§ **What needs to be done**
Copy word for word the lines of the records below, beginning at the one with "9时30分,庆祝大会接近尾声" and finishing at the one with "The bench-top incubator", ends included, but none of the pictures.

---- Record set

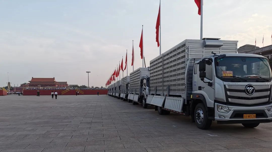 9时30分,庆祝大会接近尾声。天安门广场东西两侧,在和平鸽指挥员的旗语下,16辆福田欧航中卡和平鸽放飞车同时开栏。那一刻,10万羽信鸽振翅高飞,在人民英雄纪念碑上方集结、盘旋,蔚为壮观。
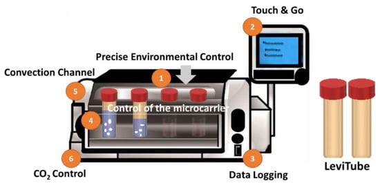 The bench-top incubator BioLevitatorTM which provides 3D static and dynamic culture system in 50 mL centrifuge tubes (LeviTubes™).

--------
---- Record set

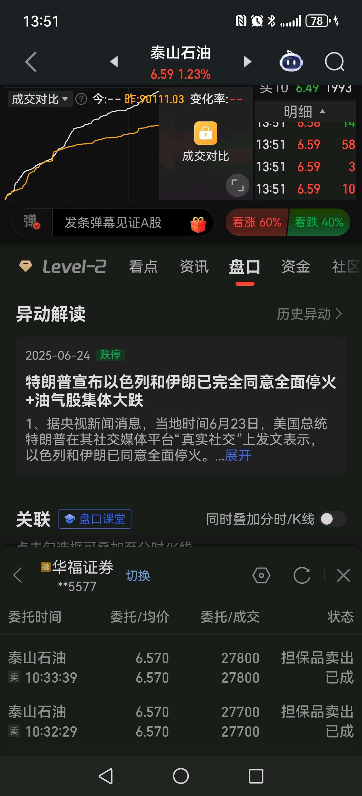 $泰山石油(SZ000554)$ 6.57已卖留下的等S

--------

§ **Answer to this exercise**
 9时30分,庆祝大会接近尾声。天安门广场东西两侧,在和平鸽指挥员的旗语下,16辆福田欧航中卡和平鸽放飞车同时开栏。那一刻,10万羽信鸽振翅高飞,在人民英雄纪念碑上方集结、盘旋,蔚为壮观。
 The bench-top incubator BioLevitatorTM which provides 3D static and dynamic culture system in 50 mL centrifuge tubes (LeviTubes™).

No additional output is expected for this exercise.